### Problem to solve
The lines to transcribe run from the top of the material below to the line with "6 Channel Audio", inclusive. Leave the pictures behind.
*** Opening Material provided ***
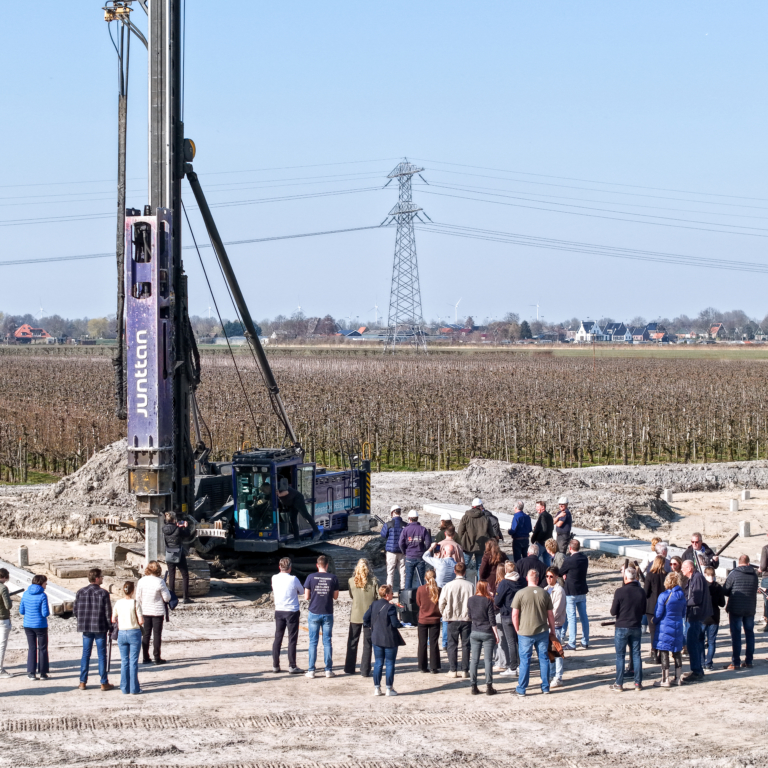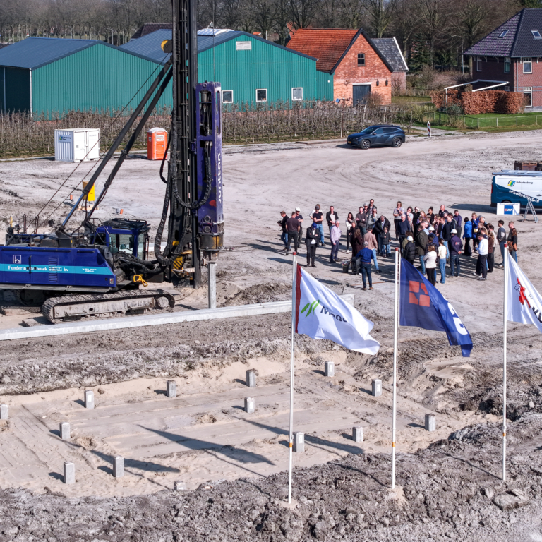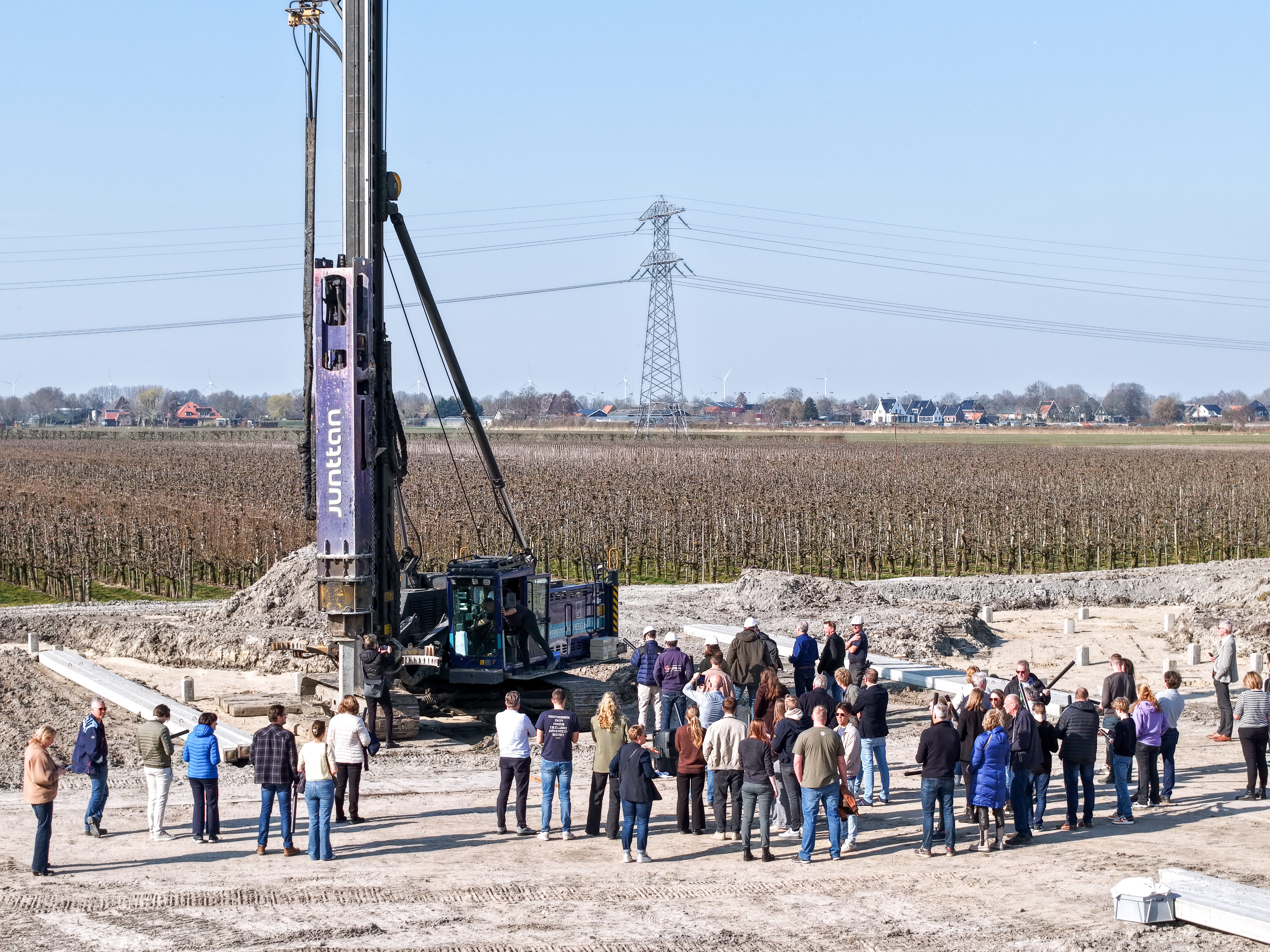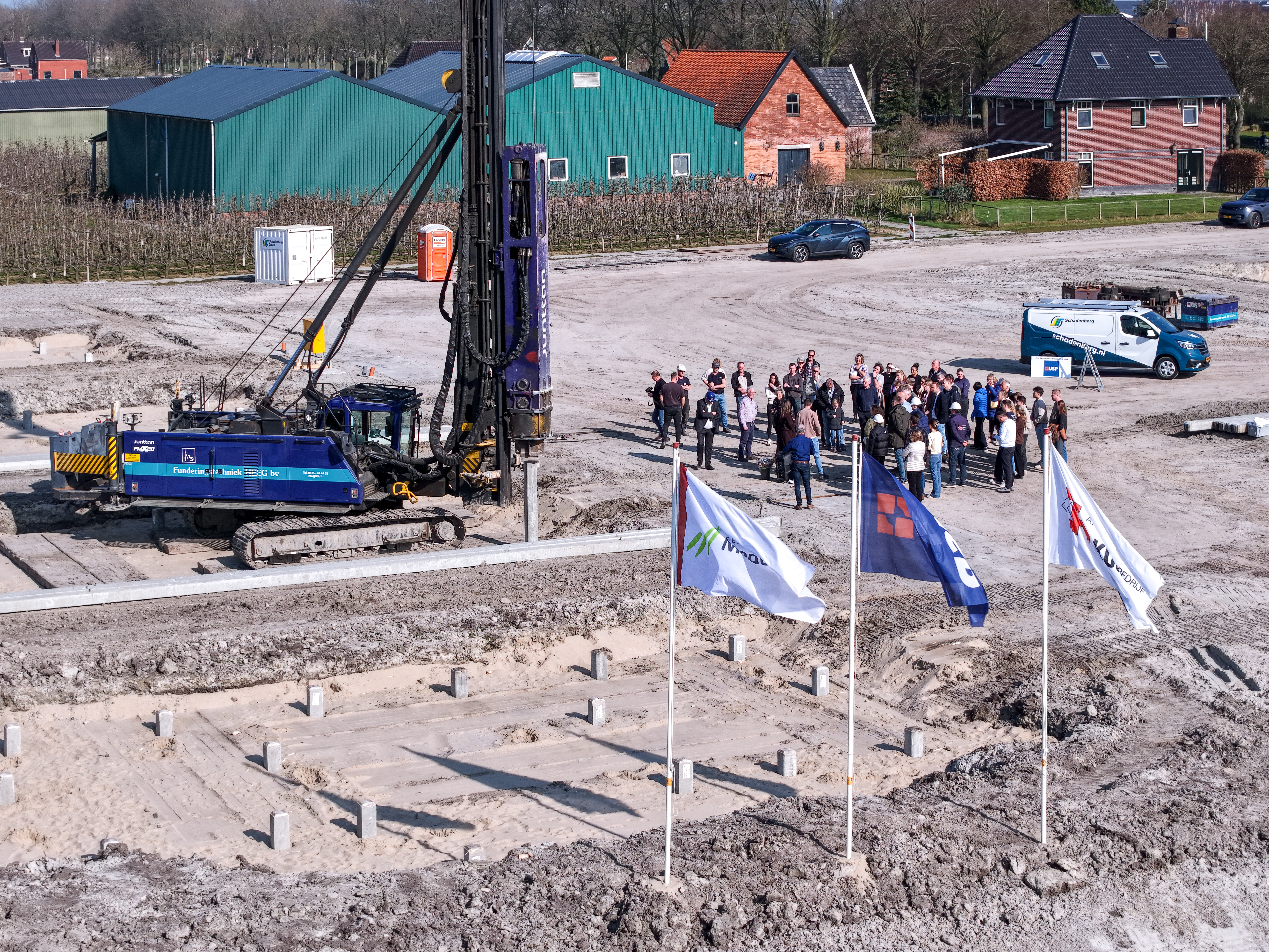Het slaan van de eerste paal van één van de woningen is een feestelijk startsein voor de bouw van het plan. Het is een heuglijk moment voor de toekomstige bewoners, die getuige zijn van de start van hun nieuwe woning.
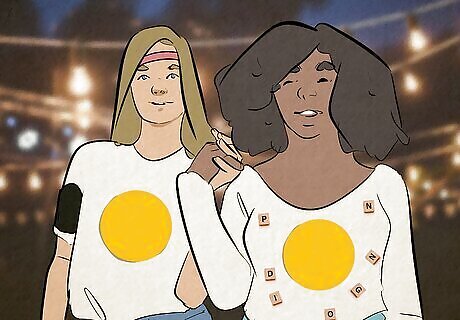You could do either of these costumes as a solo look, or combine them for a punny couples’ costume! For each costume, wear a white T-shirt and attach a large yellow circle (cut out of fabric or paper) to the front of it. For the “scrabbled egg,” glue some Scrabble letter pieces onto the shirt, as well. For the “runny egg,” wear an athletic headband, some running shoes, and an armband. What You’ll Need: White T-shirt Large yellow fabric or paper circle Scrabble letter pieces (“scrabbled egg”) Athletic headband (“runny egg”) Running shoes (“runny egg”) Armband (“runny egg”)
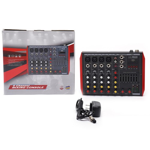 6 Channel Audio Mixer Bluetooth USB DJ Sound Board Mixing Console Live Studio
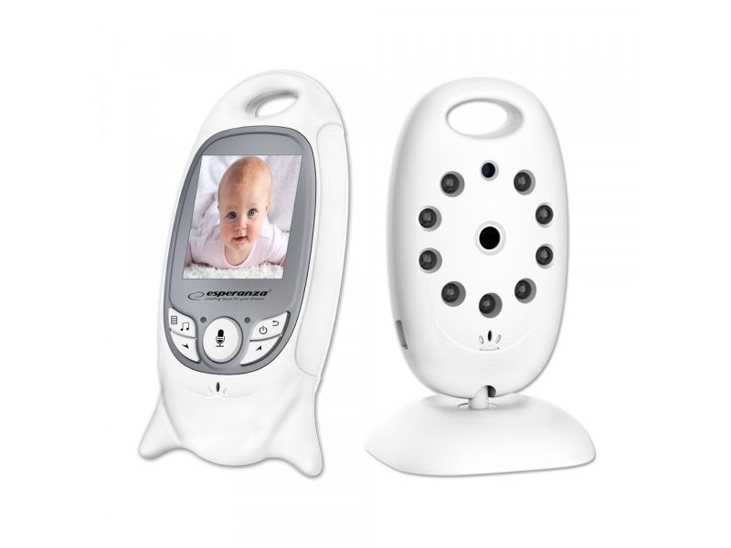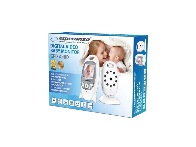 Baby monitor Esperanza GREGORIO helps you to provide your baby with excellent care, while allowing you to move freely around the house and perform other duties. The device has many useful functions, such as night monitoring, two-way intercom. Thanks to them, you will not only check what is happening to your child, but also soothe the child with your voice or play a lullaby remotely.Esperanza EHM001. Sensor type: CMOS, Video resolutions: 320 x 240 pixels, Night vision distance: 5 m. Maximum range: 260 m, Maximum indoor range: 50 m, Maximum outdoor range: 260 m. Product colour: White. Display diagonal: 5.08 cm (2"), Display resolution: 176 x 220 pixels, Display type: LCD. Power source type: Battery, DC, DC input voltage: 5 V, Receiver current: 0.2 A
*** Closing Material provided ***
### Your response
Het slaan van de eerste paal van één van de woningen is een feestelijk startsein voor de bouw van het plan. Het is een heuglijk moment voor de toekomstige bewoners, die getuige zijn van de start van hun nieuwe woning.
You could do either of these costumes as a solo look, or combine them for a punny couples’ costume! For each costume, wear a white T-shirt and attach a large yellow circle (cut out of fabric or paper) to the front of it. For the “scrabbled egg,” glue some Scrabble letter pieces onto the shirt, as well. For the “runny egg,” wear an athletic headband, some running shoes, and an armband. What You’ll Need: White T-shirt Large yellow fabric or paper circle Scrabble letter pieces (“scrabbled egg”) Athletic headband (“runny egg”) Running shoes (“runny egg”) Armband (“runny egg”)
 6 Channel Audio Mixer Bluetooth USB DJ Sound Board Mixing Console Live Studio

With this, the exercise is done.